In 2018, income inequality in the United States reached its highest level since the Census Bureau started studying it in 1967, despite the longest sustained period of economic growth in American history. The issue has become a flash point, with presidential contenders Bernie Sanders and Elizabeth Warren arguing for a wealth tax, while attacks on homeless people, labeled “parasites” and “bums,” are on the rise, according to the New York Times.
So it was invigorating to read about the winners of this year’s Nobel Memorial Prize in Economic Sciences, who took a scientific approach to reducing the harms of poverty. The laureates proved it could be done by tackling smaller questions, such as testing whether providing tutors for struggling students in India would make a difference versus expecting children to cope with a one-size-fits-all curriculum. The tailored instruction made for lasting improvements in achievement.
“Our goal is to make sure that the fight against poverty is based on scientific evidence,” Esther Duflo, the winner along with Abhijit Banerjee and Michael Kremer, told reporters on October 14. “It starts from the idea that often the poor are reduced to caricatures and often, even people who try to help them do not actually understand what are the deep roots of the problem.”
Policies devised to combat poverty often backfire, notes behavioral sciences writer Bruce Bower, who covered the award. These researchers not only helped create the science of development economics, he says, they made randomized controlled trials and fieldwork standard practice in the discipline.

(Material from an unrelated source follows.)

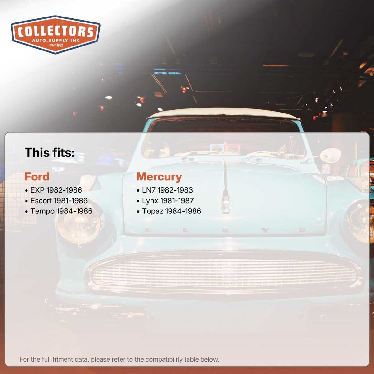 This auto part is covered by Collectors Auto Supply's three-dimensional promise — you'll get the right part the first time, you can talk to us, and with over 25 years in business and 100,000+ customer transactions, you can trust us to be the right choice to fuel your passion.
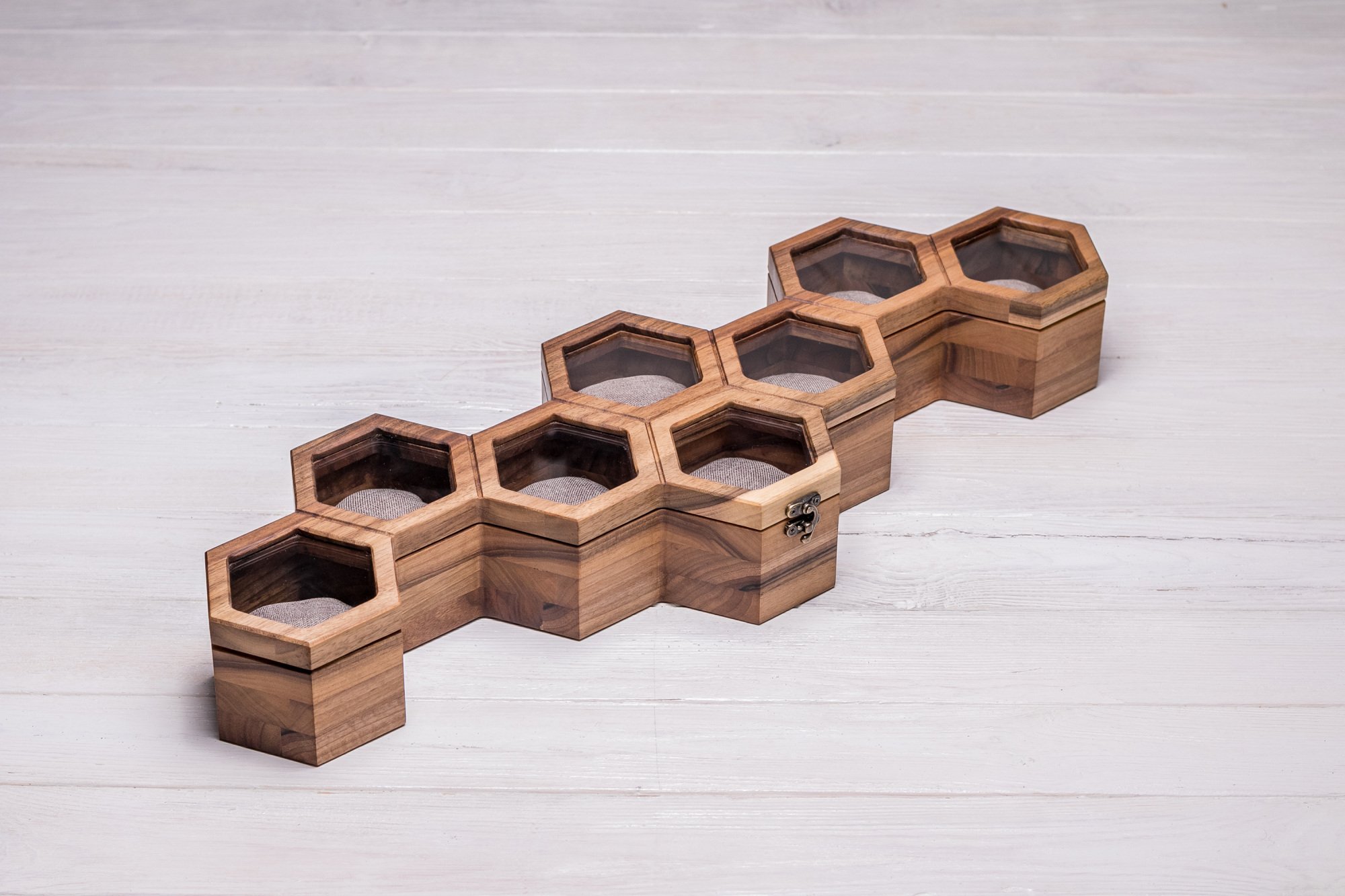Залежно від кількості комірок коробочки комплектуються подушечками для годинників із приємної на дотик тканини та якісних матеріалів, що робить виріб довговічним та зручним у використанні. На відміну від інших скриньок нашого виробництва, у сотових скриньках кришка фіксується вертикально, що також є унікальною особливістю цих виробів. Внутрішній розмір комірки: 80 мм між паралельними ребрами шестигранника, 68 мм – висота комірки. Цього більш ніж достатньо навіть для найбільших годинників, тому вони точно не торкатимуться кришки скриньки.

The prize was notable also because Duflo, who works at MIT with Banerjee, is only the second woman to win a Nobel in economics. The field is grappling with long-standing problems with discrimination against women, what former Federal Reserve chief Janet Yellen recently called “an unacceptable culture.” After the Nobel announcement, Duflo said she hoped “many, many other women” would be inspired to persevere in economics as a result — and that men would give those women “the respect they deserve.”
Now let’s ponder a more distant inequality, in the Bronze Age.
About 4,000 years ago, farming households in central Europe included both wealthy individuals and unrelated people of little means, Bower reports. The researchers said they were “absolutely surprised” to find such inequity within households. The team also identified genetically unrelated high-status women who had presumably married into the families.
“It’s the beginning of a period of expanded social complexity,” Bower says of the Bronze Age. It’s not clear what role the poor people played in those households, but they may have been the precursors to the slaves common in some ancient Greek and Roman families. And the fact that women from afar married into those households may note the beginnings of a male-dominated society. Science gives us insights into how human societies develop and change and invents ways we can alleviate suffering, even if that means, as was the case for Duflo and her colleagues, improving the practice of science itself.